MISO has completed 11 variance analyses to date. Until now, it has never reassigned a project developer, despite having the authority to do so. The RTO historically has chosen either to create mitigation plans with the existing developer or to allow the project to stand. In one instance, MISO canceled a 500-kV project because of a new right-of-first-refusal law in Texas. (See FERC Rejects Last-ditch Effort to Save Tx Project.)

ATC said it is “pleased with the outcome of MISO’s variance analysis.”

“Our focus remains on maintaining a safe, reliable grid, and meeting our customers’ needs,” ATC said in a statement. ATC said it would roll the substations into its application for a certificate of public convenience and necessity for the Ozaukee County project. The company said it plans to have the substations “in service by the date needed to serve the load.”
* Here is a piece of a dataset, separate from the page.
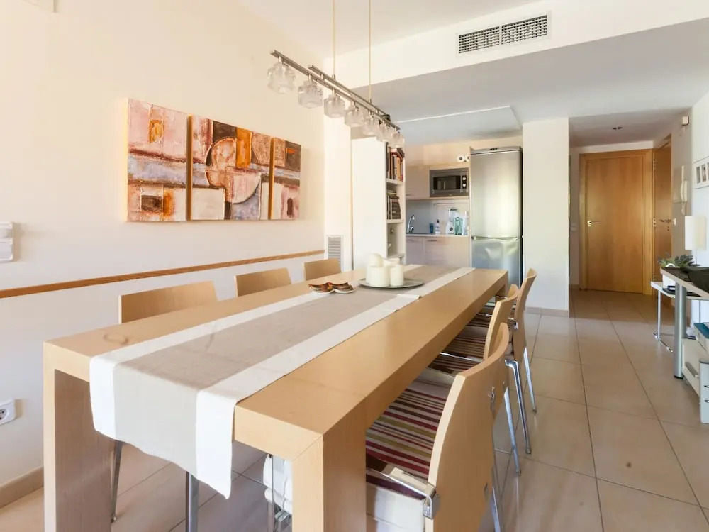 Отель Classic Apartment in L'escala Spain With Parking Facility, адрес на карте Ла-Эскала, Camí Ramader 35, 2º-3ª, с описанием номеров и возможностью онлайн бронирования на сайте vashotel.ru , цены проживания и удобства.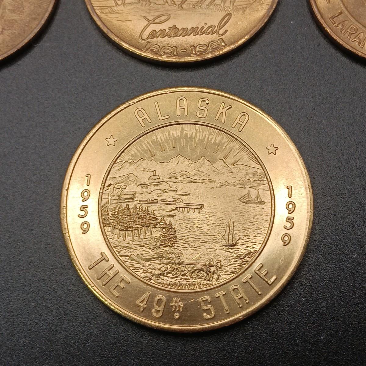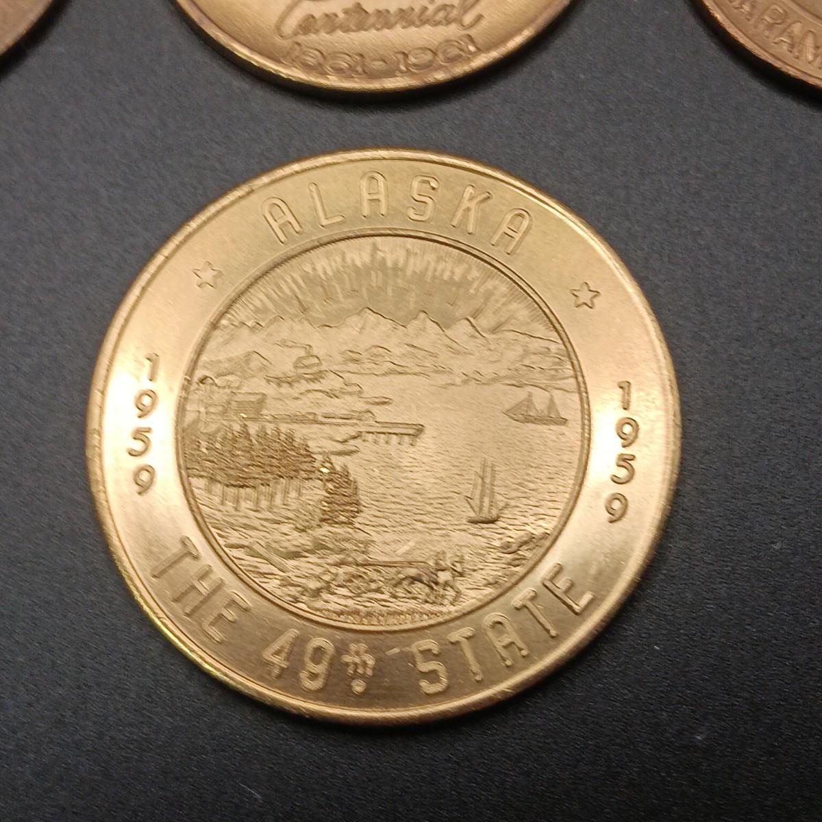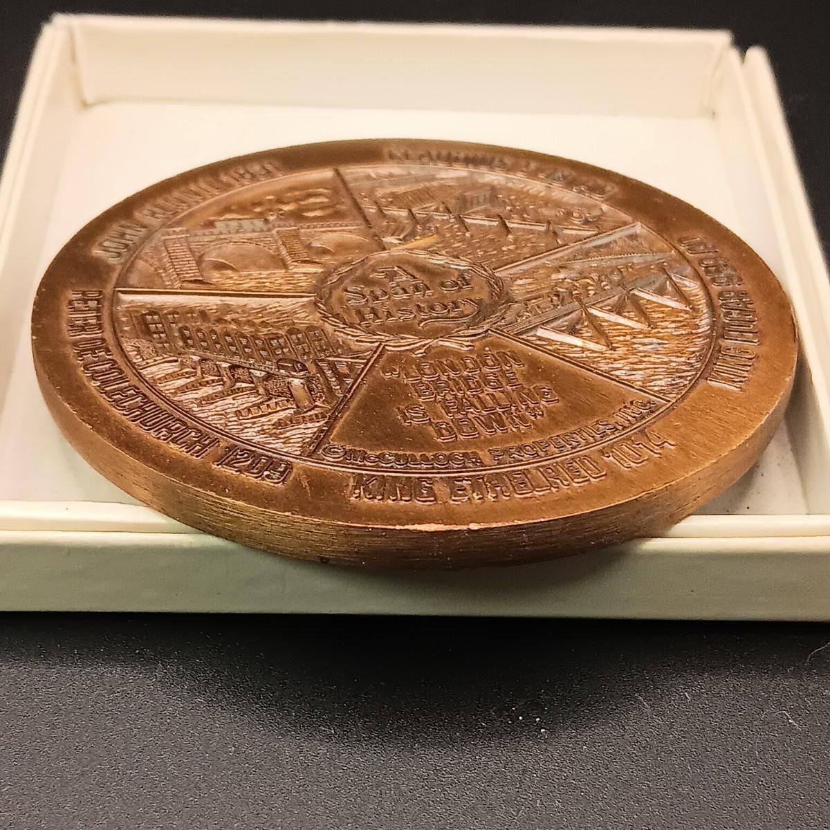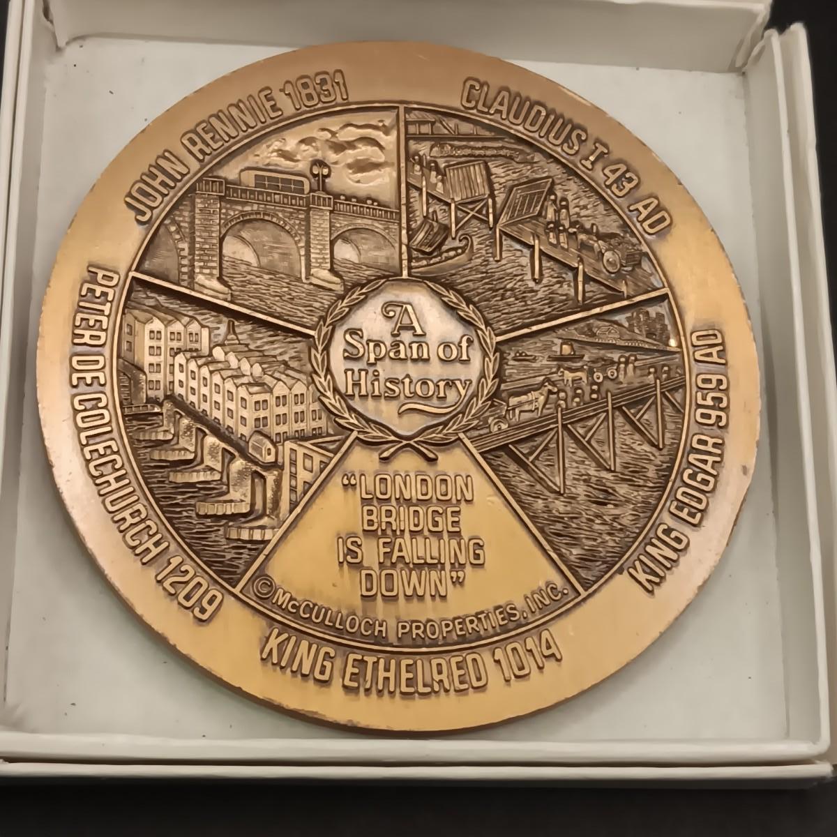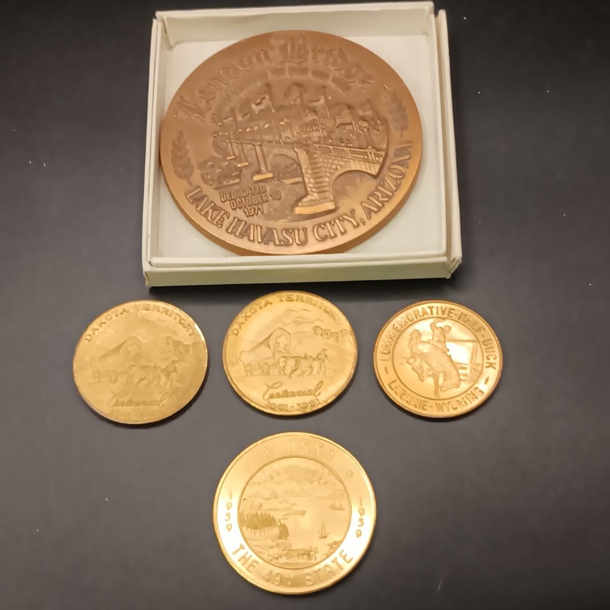 FOREIGN COINS, STATE COMMEMORATIVE MEDALLIONS AND LARGE BRASS LONDON BRIDGE SOUVENIR

ATC did not answer RTO Insider’s question on whether it was involved in the variance analysis process. 

ATC is among a group of Midwestern utilities rumored to be asking FERC and the Trump administration to suspend competitive bidding so the grid can be built out faster to accommodate the data center explosion. The company, along with Xcel Energy, ITC Holdings and Ameren, have reportedly taken their request to the White House’s National Energy Dominance Council.

MISO Issues Mitigation Plan for Other Long-term Tx Project

Relatedly, MISO rounded out a second variance analysis it conducted on the 345-kV Morrison Ditch-Reynolds-Burr Oak-Leesburg-Hiple line in Illinois and Indiana, which jumped from an estimated $261 million to a $675 million cost estimate in 2024. The project was approved in 2022 under MISO’s first long-range transmission plan portfolio.

MISO said it was able to work with developer Northern Indiana Public Service Co. on a mitigation plan that should reduce cost of the long-range transmission project to $477.8 million.

After its variance analysis investigation, MISO said it “observed higher estimated costs for construction matting, technical services and contingency, as well as additional costs associated with securing and permitting the transmission line right of way.”

NIPSCO leadership and MISO were able to identify “cost savings and efficiencies” that would lower estimated project cost through adjustments to the scope of work, reductions in construction costs “as discrete contracts are executed and reductions in contingency costs as the project was further developed with fewer unknowns,” according to the RTO.

The grid operator opened the re-examination of the project in late 2024. (See Cost Overruns on Project in 1st LRTP Prompt MISO Analysis.)

Again, MISO said it considered all possible outcomes under the variance analysis. It deemed no action unacceptable because of the sheer size of the cost increase. It said it could not reassign the project because of Indiana’s ROFR law, which rendered the facilities ineligible for competitive bidding.

Finally, MISO once again said cancellation was not a realistic option because of the interconnectedness of the Morrison Ditch project with the rest of the long-range transmission portfolio.

MISO said once it and NIPSCO sign the mitigation plan, it will reflect the new estimated cost in its database of transmission project status reports.